Directions for this task
Write out only the final part of the records below. It begins with the line that contains "A magical mirror" and ends with the last line.
╭─ Task material
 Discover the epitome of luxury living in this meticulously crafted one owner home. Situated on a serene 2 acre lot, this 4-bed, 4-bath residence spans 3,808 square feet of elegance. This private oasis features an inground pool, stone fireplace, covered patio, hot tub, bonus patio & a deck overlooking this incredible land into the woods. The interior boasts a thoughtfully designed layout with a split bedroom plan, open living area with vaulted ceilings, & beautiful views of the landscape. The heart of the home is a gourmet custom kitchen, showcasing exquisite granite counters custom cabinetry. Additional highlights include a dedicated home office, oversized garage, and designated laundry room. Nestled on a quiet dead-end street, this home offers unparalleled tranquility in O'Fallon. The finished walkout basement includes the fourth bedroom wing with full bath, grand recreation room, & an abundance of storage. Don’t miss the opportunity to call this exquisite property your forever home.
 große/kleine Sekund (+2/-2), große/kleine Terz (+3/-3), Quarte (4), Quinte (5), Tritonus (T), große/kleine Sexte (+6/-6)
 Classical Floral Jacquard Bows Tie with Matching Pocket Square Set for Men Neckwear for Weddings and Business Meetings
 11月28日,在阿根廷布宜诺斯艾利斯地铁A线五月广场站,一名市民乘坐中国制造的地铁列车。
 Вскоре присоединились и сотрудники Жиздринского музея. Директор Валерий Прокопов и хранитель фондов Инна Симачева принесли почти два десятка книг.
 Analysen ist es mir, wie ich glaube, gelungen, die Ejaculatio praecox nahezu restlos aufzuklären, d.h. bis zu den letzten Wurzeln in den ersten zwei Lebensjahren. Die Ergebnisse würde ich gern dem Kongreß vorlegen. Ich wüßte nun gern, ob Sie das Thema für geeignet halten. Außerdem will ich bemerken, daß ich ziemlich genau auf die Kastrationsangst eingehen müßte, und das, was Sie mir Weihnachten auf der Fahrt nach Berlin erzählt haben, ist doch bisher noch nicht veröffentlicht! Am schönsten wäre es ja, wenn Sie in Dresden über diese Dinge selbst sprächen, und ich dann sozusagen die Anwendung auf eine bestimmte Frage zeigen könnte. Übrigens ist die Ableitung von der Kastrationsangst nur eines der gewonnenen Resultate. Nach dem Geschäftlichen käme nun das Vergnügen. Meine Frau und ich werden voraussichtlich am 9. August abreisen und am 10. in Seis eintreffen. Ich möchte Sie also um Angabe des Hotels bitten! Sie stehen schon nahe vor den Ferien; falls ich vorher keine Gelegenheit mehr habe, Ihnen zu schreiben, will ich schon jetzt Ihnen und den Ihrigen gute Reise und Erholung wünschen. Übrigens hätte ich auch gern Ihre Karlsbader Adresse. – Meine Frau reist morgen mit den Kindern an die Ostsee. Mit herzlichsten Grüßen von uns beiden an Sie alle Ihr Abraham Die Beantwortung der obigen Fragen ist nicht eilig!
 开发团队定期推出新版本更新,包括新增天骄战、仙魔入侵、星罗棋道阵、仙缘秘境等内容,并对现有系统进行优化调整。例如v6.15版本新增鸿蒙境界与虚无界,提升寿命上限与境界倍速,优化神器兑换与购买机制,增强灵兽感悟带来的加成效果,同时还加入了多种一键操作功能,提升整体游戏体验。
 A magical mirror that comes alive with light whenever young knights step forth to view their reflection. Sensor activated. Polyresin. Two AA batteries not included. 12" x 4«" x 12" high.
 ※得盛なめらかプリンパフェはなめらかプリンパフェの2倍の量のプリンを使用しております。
╰─
Solution to the problem
 A magical mirror that comes alive with light whenever young knights step forth to view their reflection. Sensor activated. Polyresin. Two AA batteries not included. 12" x 4«" x 12" high.
 ※得盛なめらかプリンパフェはなめらかプリンパフェの2倍の量のプリンを使用しております。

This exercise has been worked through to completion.